Charlotte A. Stout

If you missed an ealier post, this page has my previous November 2017 Reflection postings.
If you want to read some earlier Reflections, click on the links below for the month you are interested in:

Oct 2017Sept 2017June 2017May 2017April 2017March 2017Feb 2017Jan 2017

November 10th: Pay It Forward

I have taken up the game of Pickleball. I am not a great player but I am an experienced and fun player. I don’t take it so seriously that I get upset if my partner misses a shot. I like to be inclusive and invite others who may not otherwise have a partner to play with me regardless whether it is their first time playing or they are an experienced player. I am happy to introduce people to the game and explain the rules. I believe it is my responsibility as a player to help others.

I also believe it is the responsibility of those who are better than other players to spend some time playing with less experienced people to offer insight, pointers, and create a cadre of excellent players who will ultimately challenge them in future games. Alas, this does not happen as a matter of course. In fact, the opposite is true most of the time.

When a player attains a certain level in a sport it seems to me that they isolate themselves to playing only with those as good as they are or better. They don’t want to play with those whose skill level is below theirs thinking it will drag them down resulting in a less than enjoyable playing experience.

I have experienced this first hand. I don’t like players implying that I will hold them back if they play with me. I do not like seeing other players left on the sidelines waiting for someone to play with because the “really good” players don’t want to play with them. What is this high school? It sure reminds me of the clichés that existed back then.

Why as adults do we still feel the need to create and perpetuate that mindset? It makes no sense to me. As adults we are expected to be mature, act it and pay it forward. We are role models for those coming behind us. We should always be aware of opportunities for us to be inclusive not exclusive.

Please, remember how you felt when you were new at a sport, in a new neighborhood or in a new job. Who helped you learn the ropes, meet people and improve your station? I am sure you did not do it alone; if you did do it alone, kudos to you. You are the exception. Most of us require the help of others to grow. Please take some time and “Pay It Forward.”

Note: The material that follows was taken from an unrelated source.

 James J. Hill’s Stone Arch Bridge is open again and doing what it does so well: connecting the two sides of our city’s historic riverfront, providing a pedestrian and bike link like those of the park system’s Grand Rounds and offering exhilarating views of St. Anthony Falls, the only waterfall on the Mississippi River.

November 3rd: Conserve Your Energy for the Marathon of Life

Age and experience have provided me with a powerful sense of being comfortable with who I am and where I am in life. This was not always the case. Sadly, I see and engage with young people who did what I did “back in the day.” They worry excessively about everything, just as I did.

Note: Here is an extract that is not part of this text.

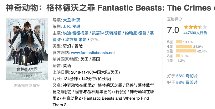 距離《神奇動(dòng)物:格林德沃之罪》上映已經(jīng)過(guò)去近四年。當(dāng)時(shí)輿論對(duì)那部電影的評(píng)價(jià)已經(jīng)是毀譽(yù)參半,雖然豆瓣評(píng)分仍在7分以上,但已經(jīng)有許多影迷指出《格林德沃之罪》的缺陷:故事線雜亂、各種生硬無(wú)聊的家庭倫理戲,魔法特效缺乏想象力……

The worry wart in me didn’t stress over one single thing but everything. Work, home, friendships, family were all laid out on the worry menu. Reflecting back on all of the time I spent worrying about anything and everything I realize most of the worry was based in my own insecurities. Would my work measure up? Would I be good enough as a friend, companion, life partner, sister, employee, supervisor and a valued contributor in life?

Headaches, stomach aches, intestinal issues, cancer, ulcers, and numerous other maladies afflicted me during these “worry times.” I had such a difficult time accepting who and where I was that I felt lacking in every aspect of life.

If I have learned anything over these years it is that Life is a Marathon not a sprint. Marathon runners learn how to conserve their energy by moving at a smo0th and steady pace allowing them to finish the race. The same is true in life. If we are to survive we must conserve our energy, always moving forward but at a pace that ensures we make it the distance.

How do we conserve? Easier said than done, that is for sure. Research has proven that stress is a killer. I believe many of the medical issues I experienced were the result of a body worn frail from worry. Life is filled with tumultuous situations we may not be able to avoid. But, as I have said in other posts, how we respond to those challenges is what is important. Will we be responsive through careful thought and planning or will we be reactive with anger, frustration and knee jerk responses?

Guess which one creates more stress on your mind and body, relationships and your life in general? Indeed, the reactionary response does.

As I engage with younger people today I feel it is my duty to help them see, if they are willing, that logic and thoughtful analyses of the curveballs life throws their way if the best approach to dealing with them. If we apply calm and logic to situations, and not immediate emotionally charged reactions, we are on our way to conserving the energy required for this marathon life we are all running.